We drove two sections of the route; the first was south from Almodõvar in Alentejos to just north of Loulé. The second was north from Viseu to Chaves as we finally and with heavy hearts, exited Portugal back into the arms of Spain.
We thoroughly enjoyed this exhilarating drive which is favoured by motorcycles and bicycles although can equally be relished by drivers too. Passing through such gems as Viseu and Lamego, it is just worth a cruise.
Before we leave you with temptation running through your veins, let us leave you with some practicalities about your stay in Portugal. Whether coming by camper, plane or cruise liner, here are some tips that might be helpful.
- Fines are heavy if you enter a motorway by mistake without a vignette. Not all tolls are manned, so either set your navigation to avoid tolls or buy a vignette that will last for the duration of your stay. We decided against it as we didn’t feel the need to use them although your circumstances might require faster travelling. Check out this website for comprehensive guidance about Portugal’s Toll Routes.
- Wild camping in Portugal is easy and profuse especially along the west coast where the volume of campers diminishes. We saw plenty of people parking in forbidden areas, which seemed to be tolerated out of season. I suspect the further into April you go, the trickier it becomes. Parking is not allowed in National Parks, so beware of the GNR’s presence and ensure no ‘camping behaviour’.
- Portugal caters well for those on wheels as there are very cheap Aires along the coast and towns inland, which will cost you between €4 – €9 per night with services.
- Most towns have speed restricting traffic lights. So as you approach they will turn red and then immediately green.

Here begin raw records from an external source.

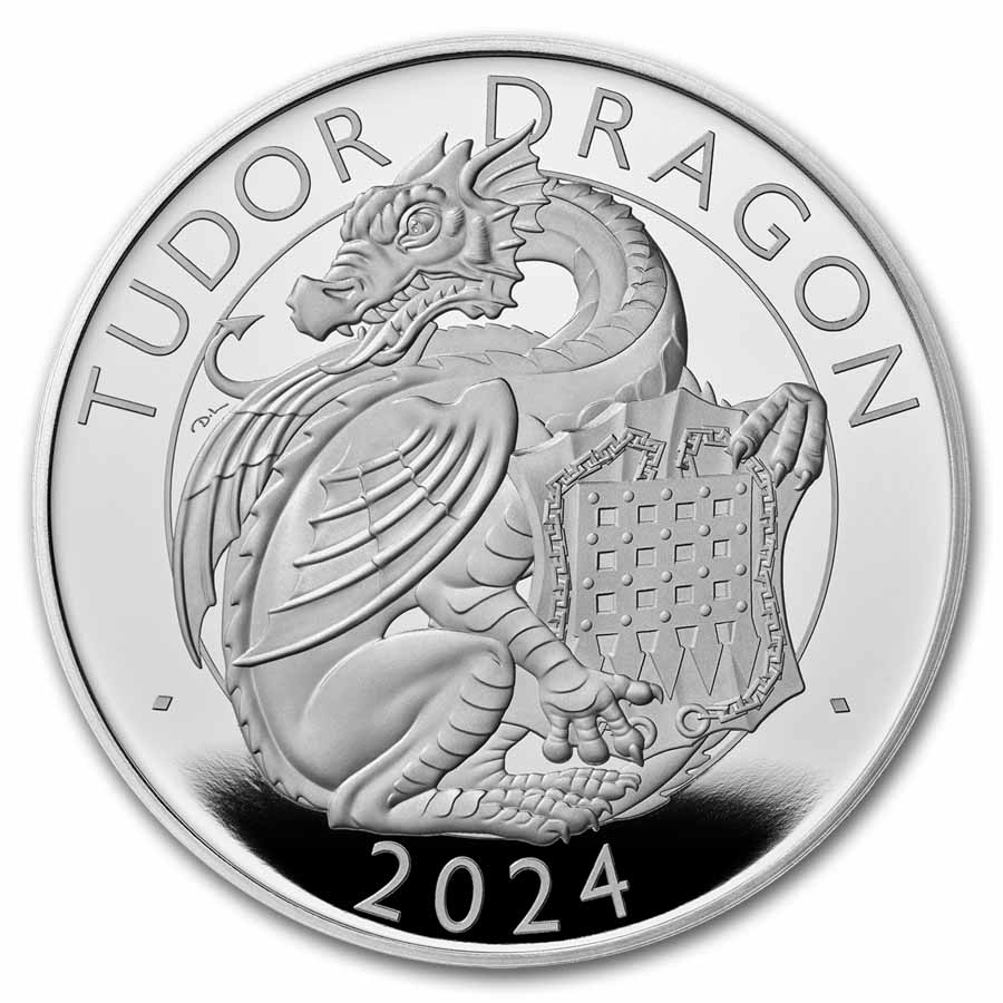 This majestic coin is a must-have for any collection. Add this 2024 1 oz Royal Tudor Beasts: Tudor Dragon Silver Proof to your cart today!
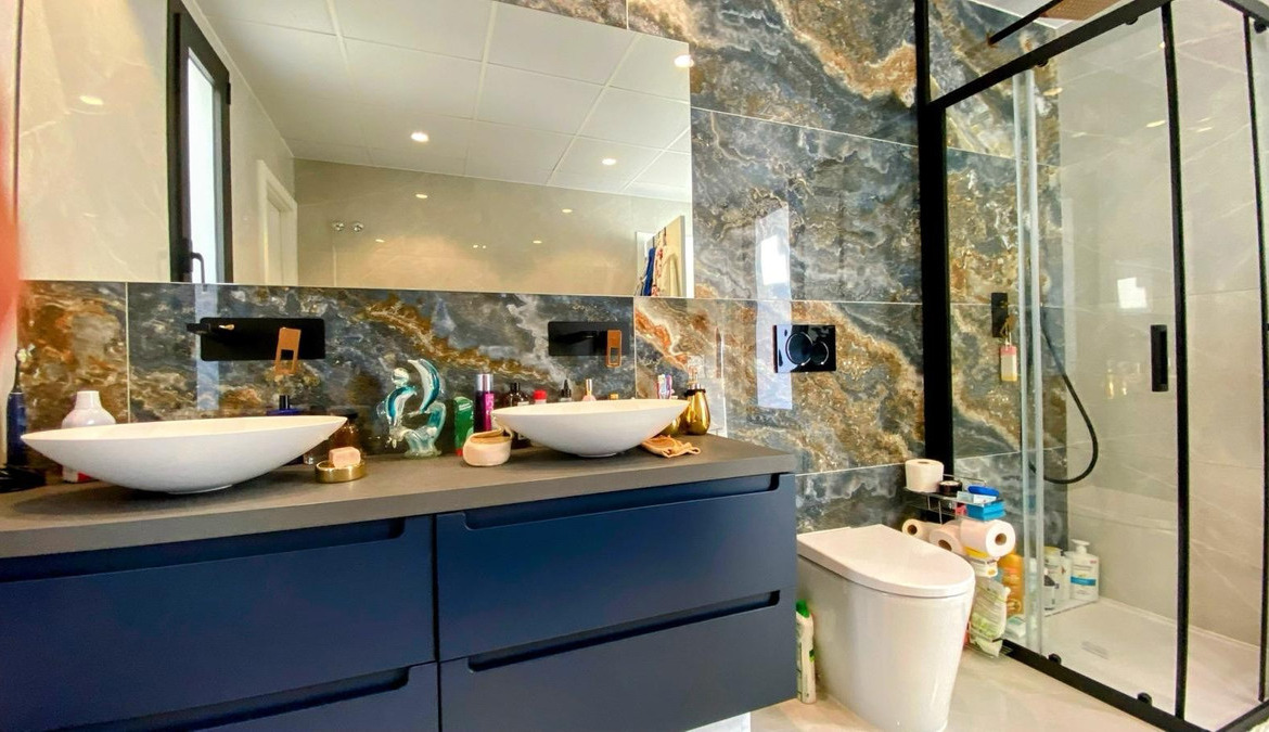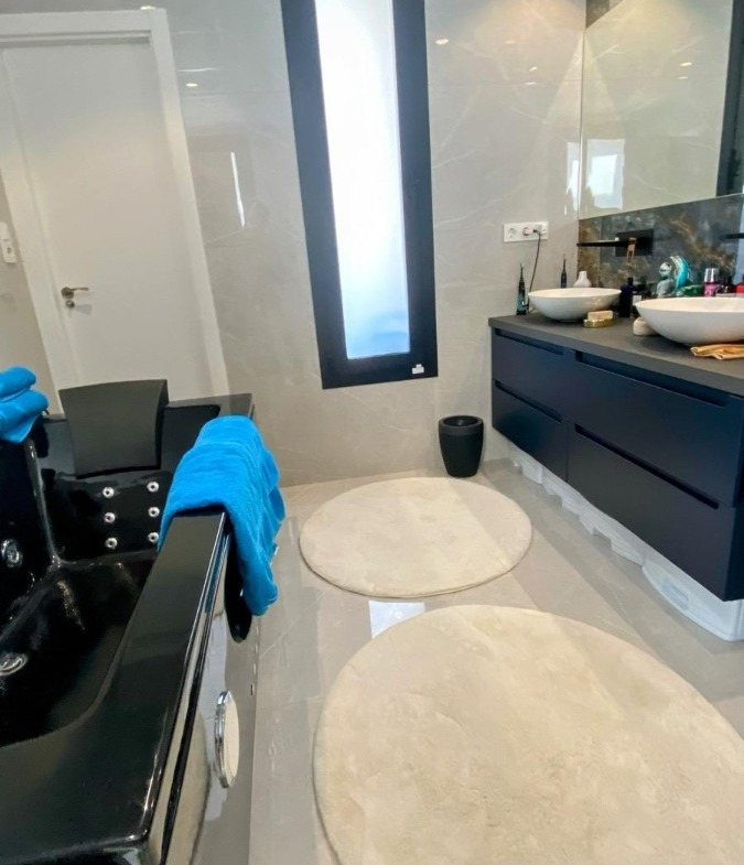 The villa features 5 elegant bedrooms and 4 full bathrooms, two of them en-suite, all with underfloor heating for optimal year-round comfort. Every space is thoughtfully designed with high-end materials and a modern, timeless aesthetic.
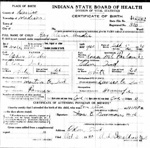 Birth Certificate - Ray Alvin Andis
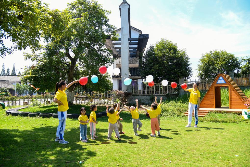 9月5日,四川泸州白酒产业园区天骄托育园的老师带领孩子们做游戏。新华社记者 江宏景 摄
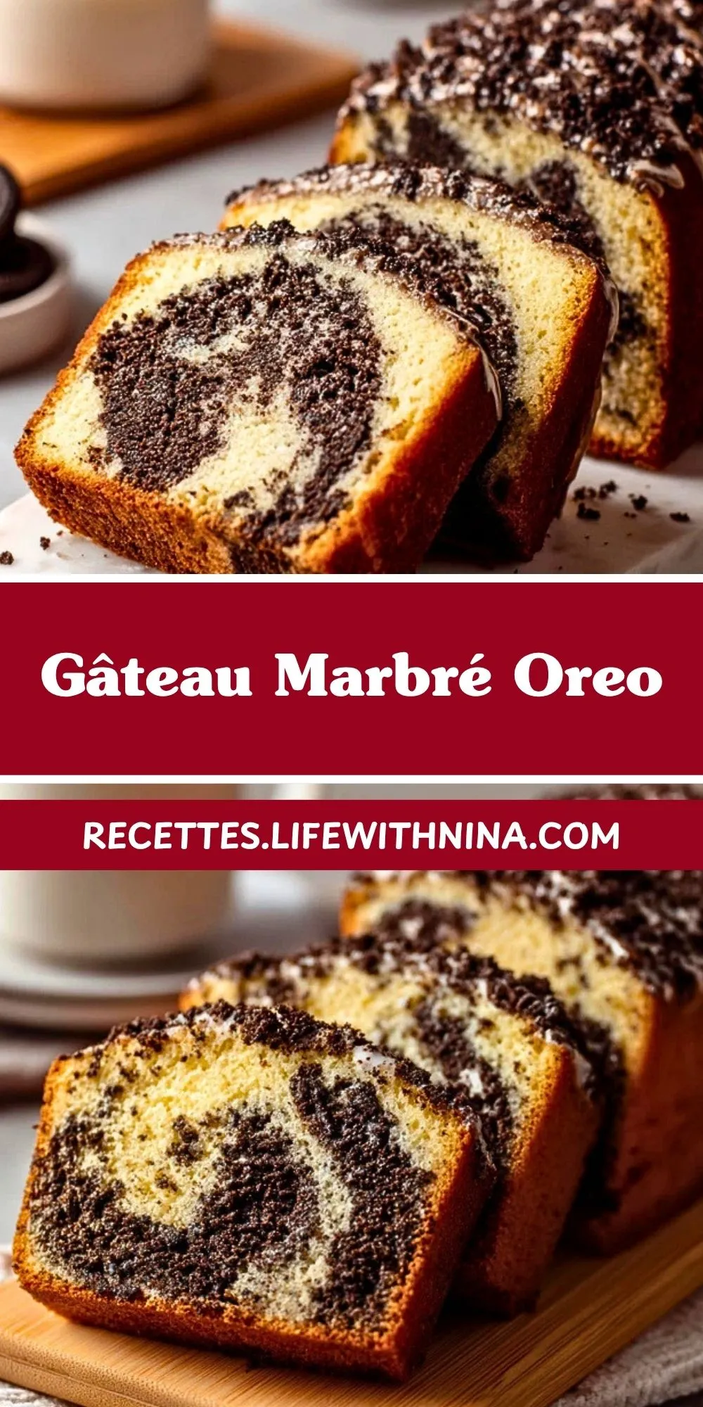 Le gâteau marbré Oreo plaît autant parce qu’il associe deux plaisirs en une seule bouchée : la douceur réconfortante d’un cake moelleux et la saveur intense, légèrement cacaotée, des biscuits Oreo. Les morceaux finement écrasés apportent du goût, de la couleur et une texture fondante qui enrichit la pâte sans la rendre lourde. C’est une recette simple, mais avec un effet visuel et gustatif qui donne immédiatement envie d’y revenir.
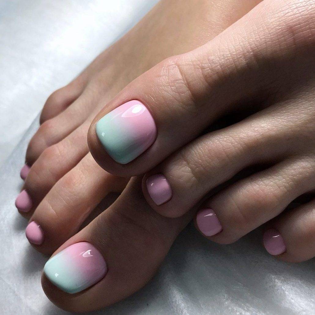 - Дизайн, который не подходит для ног – это омбре или градиент на ногтях, так как выполнить его на таком маленьком участке с красивыми плавными переходами практически нереально! Поэтому и для парного к маникюру я его не рекомендовала бы. Если сильно хочется, то к омбре на руках можно окрасить в такую же гамму ногти на ногах, чередуя цвета.

- Drivers are sedate and respectful we found, making travelling through Portugal very pleasurable.
- We were lucky with the weather when we visited, although if you visit during winter and early spring, be prepared for a variety of conditions. Layers is the name of the game. Being on the Atlantic, it is often windy.

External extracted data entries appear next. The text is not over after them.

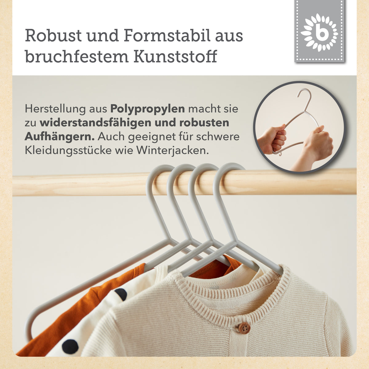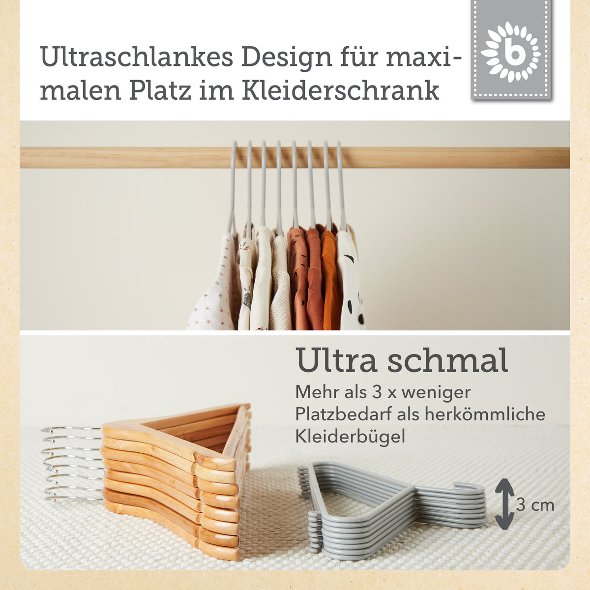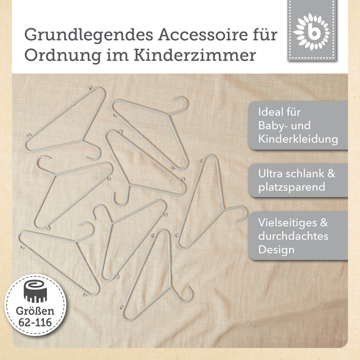 Metti ordine nell’armadio dei più piccoli: con le grucce per bebè extra sottili e leggere di Bieco, anche i bimbi si divertono ad appendere giacche, maglioncini, vestitini e pantaloni. Le grucce per bambini sono disponibili in tanti colori diversi e sono perfette per appendere i vestiti dei bimbi o anche gli abitini delle bambole. Grazie alla barra per pantaloni e ai due ganci laterali, appendere i capi diventa davvero facilissimo. Realizzate in plastica di alta qualità, sono leggerissime ma molto stabili. Per questo non sono solo un must have in ogni cameretta, ma sono ideali anche in viaggio: così è sempre tutto ben organizzato. Con una lunghezza di circa 30 cm, possono essere usate a lungo per capi di diverse taglie.
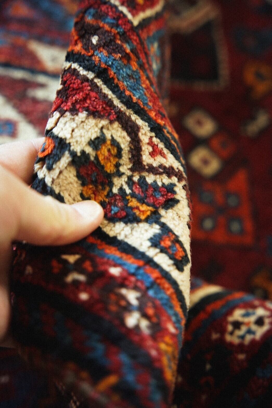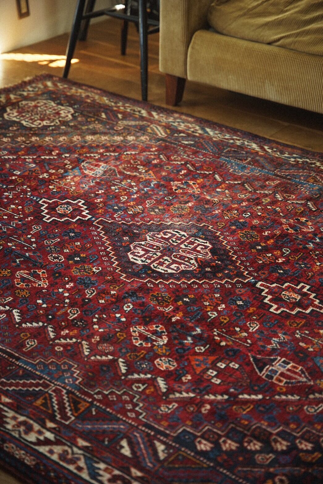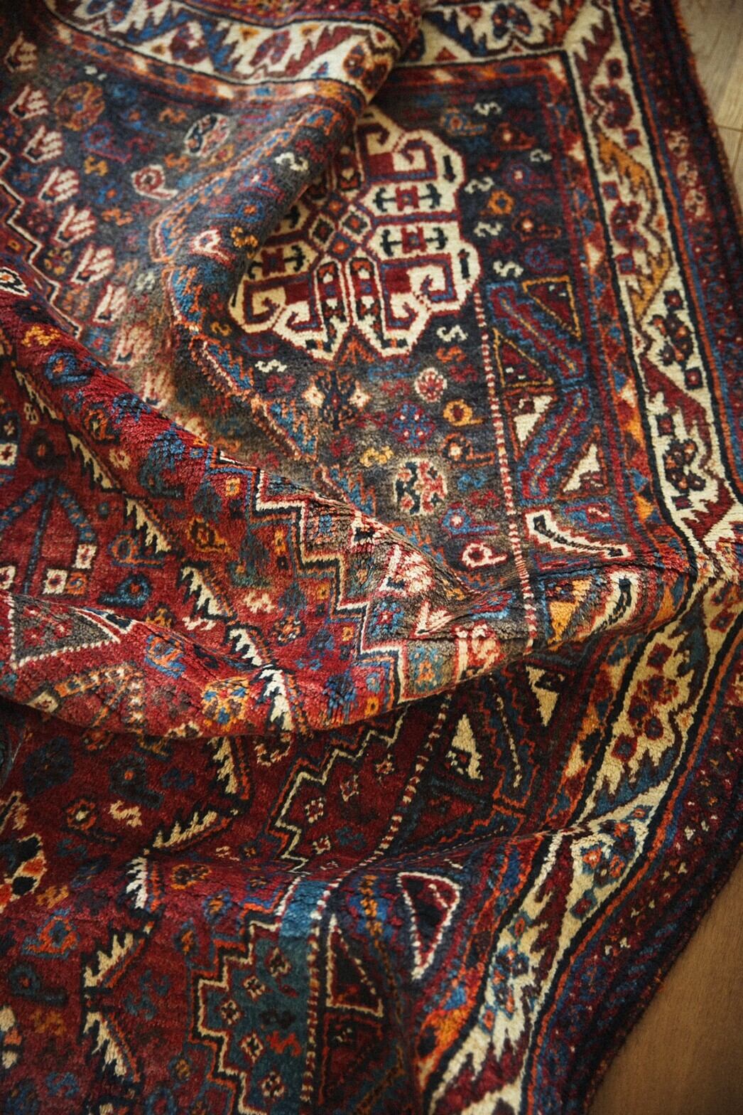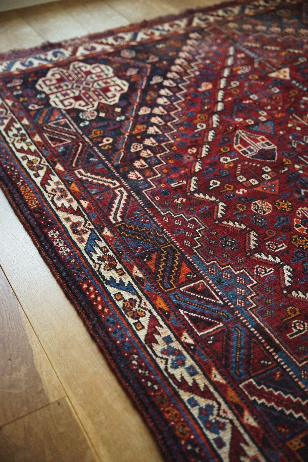 カシュガイ族は単一民族ではなく5つの民族で構成されており、その中のカシュクリ族によって織られたラグです。ボルドー系の深みのあるレッドとネイビーがベースで全体的に落ち着いたトーン。ラグ全体には草花や木、ボテなど眩いばかりに散りばめられたカシュガイ族の伝統的なモチーフが並ぶ華やかな一枚。目立ったダメージもなく、パイルは程良い厚みもあってグッドコンディション。リビングやソファ前、書斎や和室にも相性の良いジャンルレスな魅力を持っているラグです。お部屋の主役になってくれそうなカシュガイラグ。これからも大切に受け継いでご使用いただける方へお譲りしたいです。
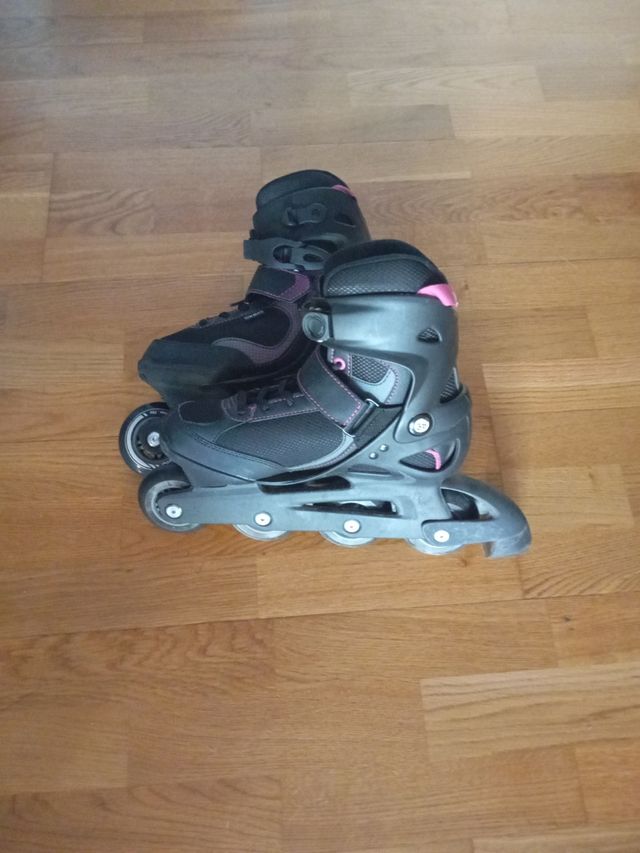 Detalles del productoPatines en línea con un diseño moderno y detalles en rosa.

- Portugal is on Western European Time (WET) – so operates the same as UK time, and an hour behind its European cousins.
- Portugal has a wide variety of Supermarkets from Lidl, sometimes Aldi, plenty of Intermarché (which was more expensive than Lidl) and a few Leclerc in larger towns/cities. Pingo Doce was a nice store that was generally cheaper and slightly better quality than Lidl.

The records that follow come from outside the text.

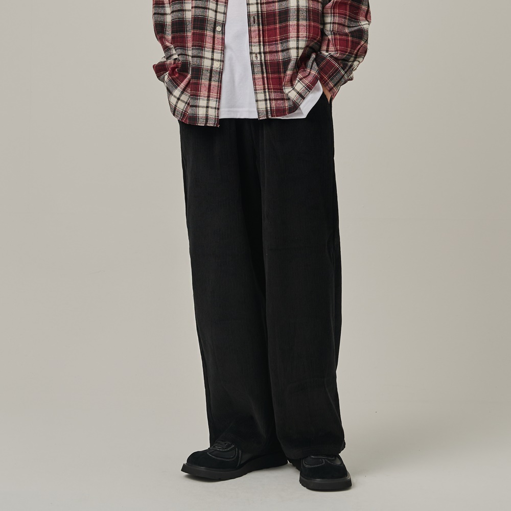 Fleece Bonding Corduroy Wide Pants ((Charcoal))
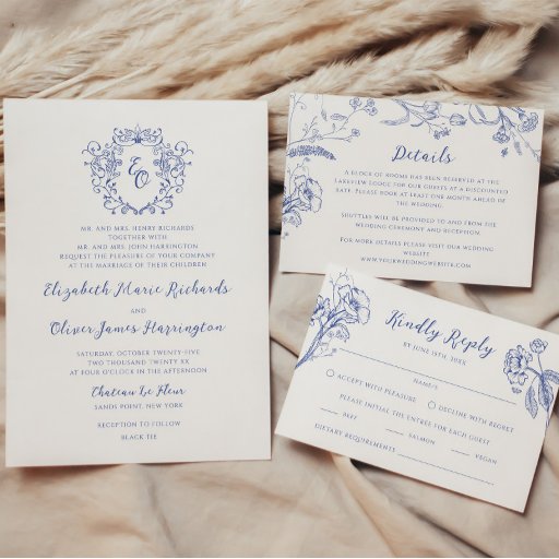 Introducing the perfect way to announce your upcoming nuptials with our double-sided wedding save the date card! This card features a stunning vintage chinoiserie inspired monogram wedding crest in the color blue on the front with a whimsical botanical design complete with butterflies.
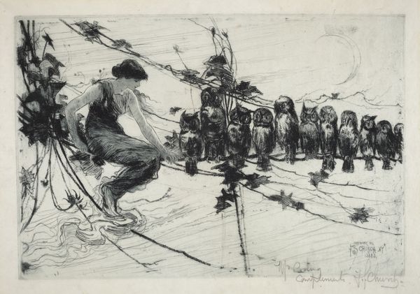 Curator: What we're looking at is a 1918 ink drawing titled "Frische frohliche Krieg," or "Fresh Cheerful War," by Willem van Schaik. I wonder what that title implies about what’s going on here. Editor: Well, "fresh" and "cheerful" certainly aren't the first words that come to mind. I'm seeing weariness etched into these figures. The monochromatic palette and frantic cross-hatching give the piece a stark, desolate feeling. It’s anything but fresh, really. Curator: I agree. It feels heavy, almost oppressive. Maybe Van Schaik intended a bitter irony with that title? The figures seem huddled together in a bleak landscape, rifles beside them – suggesting a temporary respite in some conflict. Their postures—slumped, heads bowed—speak of exhaustion and resignation. Editor: Irony seems likely, especially considering the context of 1918. The war’s end was in sight, but after immense suffering. These figures, perhaps peasant women turned soldiers or auxiliary forces, are framed against what seems a typical pastoral landscape, a style that here becomes indictment of a world turned upside down. Curator: Right, a real break from typical realism—Van Schaik manages to use these combined styles to create an expressive portrait of a collective experience, don't you think? And that level of expressivity gives a disturbing energy to it. You see this gathering of anonymous figures who have endured so much they can barely acknowledge one another anymore. It's haunting. Editor: Absolutely. There’s also something about the scale that enhances that feeling. As a drawing, it pulls us in close to their silent grief, away from grand narratives of heroism or victory. The lack of color concentrates everything into this powerful contrast between light and shadow. I keep wondering, who are these women, and what's become of them after this pause in hostilities? Curator: That’s it exactly, isn't it? Van Schaik avoids sentimentalizing their experience, forcing us to confront the stark reality of war's impact on ordinary lives. A stark, visual reckoning... Editor: Yes, this artwork has definitely shifted my understanding of this period. The women were not passive in war. They’re here— exhausted, grieving, maybe forever changed, but visible. Curator: Exactly. Now I am not sure I will hear the word fresh the same way ever again!

- Petrol and Diesel was more expensive than Spain – averaging around €1.39. The cheapest we saw was €1.23 at an Leclerc in Santagem and the most expensive was €1.45.
- LPG was available throughout the country, although not at every garage. We had no problems with filling up our Gaslow tanks.
- If you want fresh produce there are markets everywhere – some towns have their own market halls for everyday fruit and veg, whilst others have special Saturday markets. If you want daily bread, go to a Pandeira.
- Credit cards are widely available although we suggest you take plenty of coins for Aires, washing machines and for tips.
Portugal wowed us. After a visit 15 years ago, we experienced the central Algarve with its golf resorts and marinas, which weren’t our cup of tea. Years on, with less stressful lives, more time and an open mind to travel diversity, we have been able to appreciate the Algarve. More than that, we have been able to relish in the fruits of Portugal’s inland gems and road less travelled destinations. Portugal has definitely leapt ahead to warrant a place in our Top 5 Favourite European countries. We have really appreciated its natural and cultural joys. We hope if you have the chance to come, that you too may feel inspired to travel this amazing country and feel richer for the experience.